**** Entries supplied ****
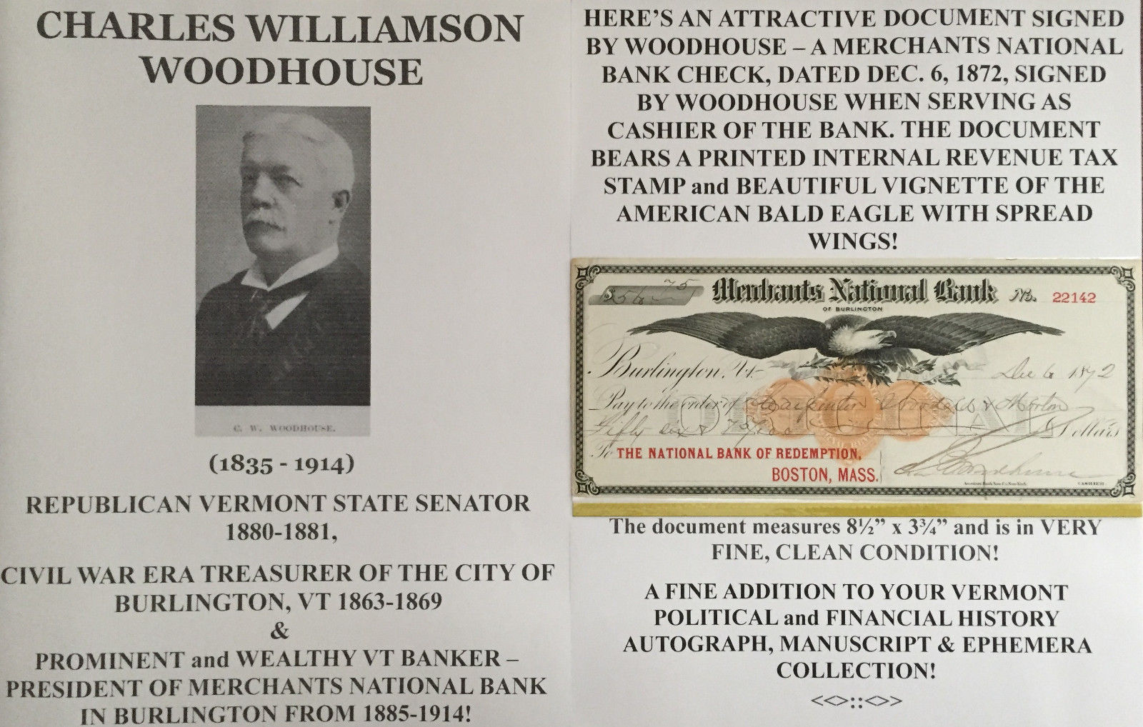 CIVIL WAR TREASURER BURLINGTON VERMONT STATE SENATOR DOCUMENT SIGNED CHECK 1872!
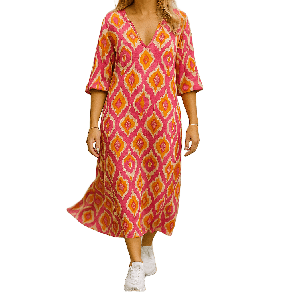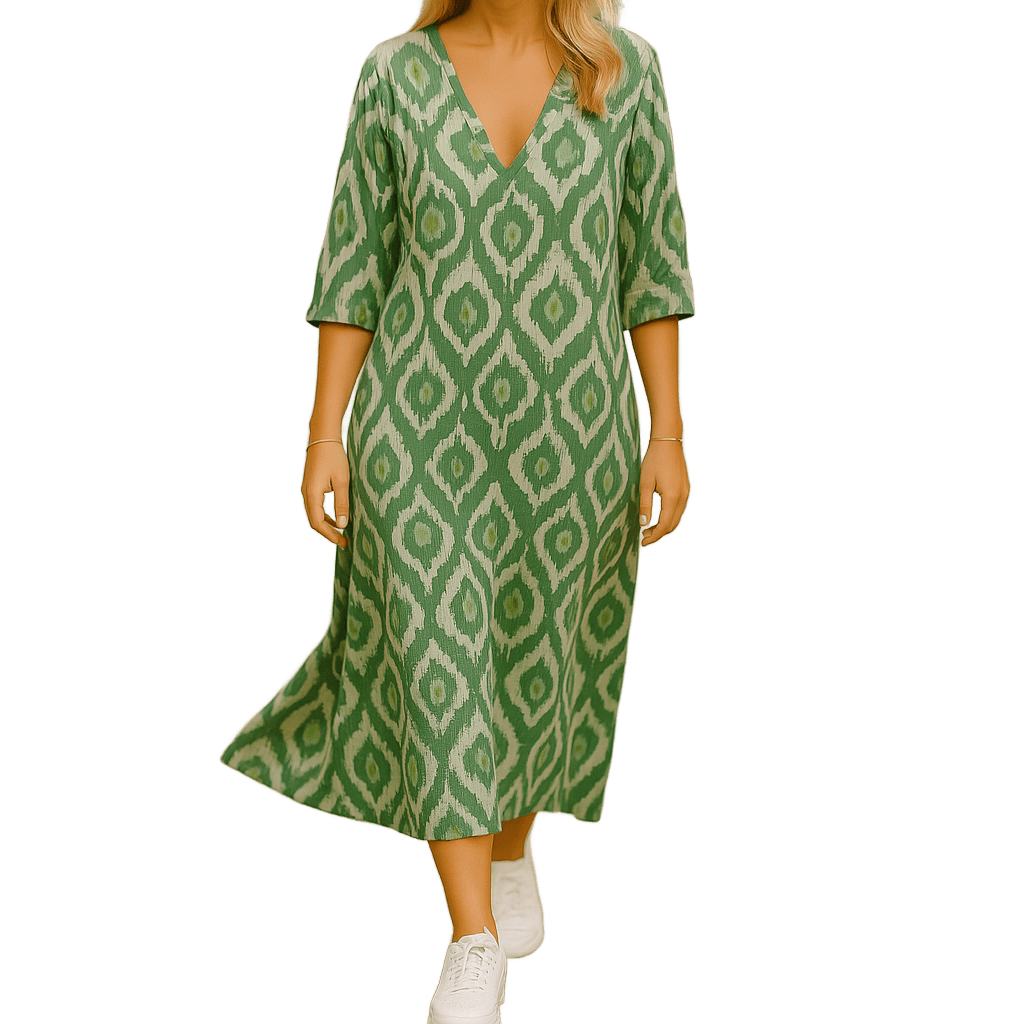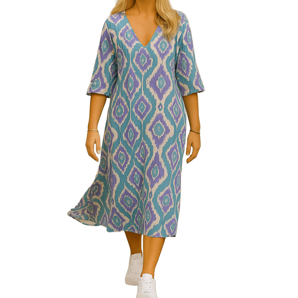 השמלה משלבת דוגמאות גיאומטריות מרהיבות עם גזרה רפויה ונוחה, כך שתוכלי להיראות מדהים ולהרגיש חופשייה – בלי להתאמץ. בין אם את מטיילת ברחובות העיר, יושבת בבית קפה קטן או נפגשת לערב עם חברים – Amar Einat תמיד תעניק לך מראה מלא חיים ואנרגיה.
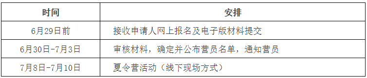 学院夏令营活动专家组将根据学生提交的申请材料,择优确定夏令营营员名单,入选的夏令营营员名单将在学院网站上公布。入选营员要在参营名单公布之日起3日内通过“夏令营系统”确认是否参加,并查收邮件实名加入夏令营活动工作QQ群,逾期未确认视为放弃资格。
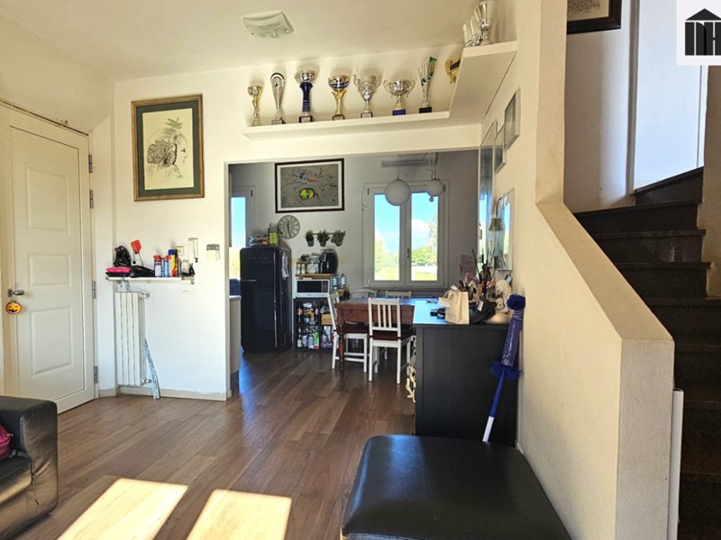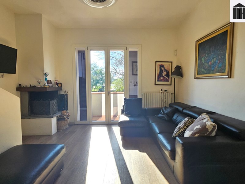Entrando dal portone principale ci accoglie un luminoso soggiorno con camino e una cucina abitabile, da entrambi è possibile accedere, tramite porta-finestra, ai due balconi.
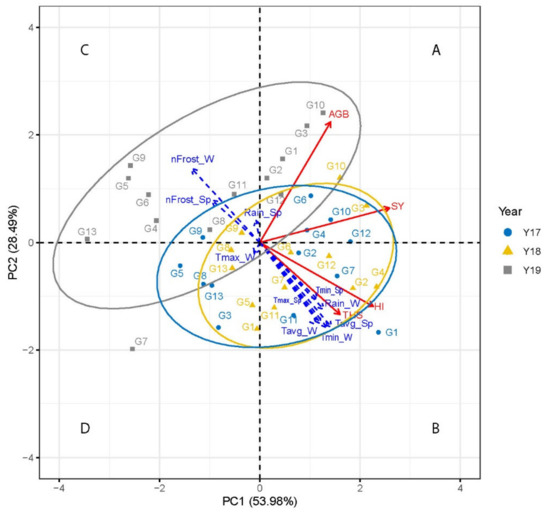 The WAASBY index [23] that provides for the weighting between mean performance (i.e., SY) and stability (WAASB) of individual traits was then computed.
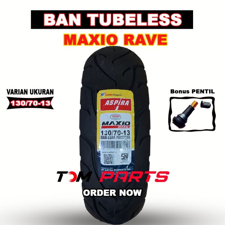 BAN TUBELESS 130/70-13 ASPIRA MAXIO RAVE UNTUK BAN BELAKANG NMAX PCX 160 GRATIS PENTIL
****
Task to complete: Where a line contains "The WAASBY index", begin there and transcribe every line through the last one of the records above, exactly and with no pictures.

Task response:
 The WAASBY index [23] that provides for the weighting between mean performance (i.e., SY) and stability (WAASB) of individual traits was then computed.
 BAN TUBELESS 130/70-13 ASPIRA MAXIO RAVE UNTUK BAN BELAKANG NMAX PCX 160 GRATIS PENTIL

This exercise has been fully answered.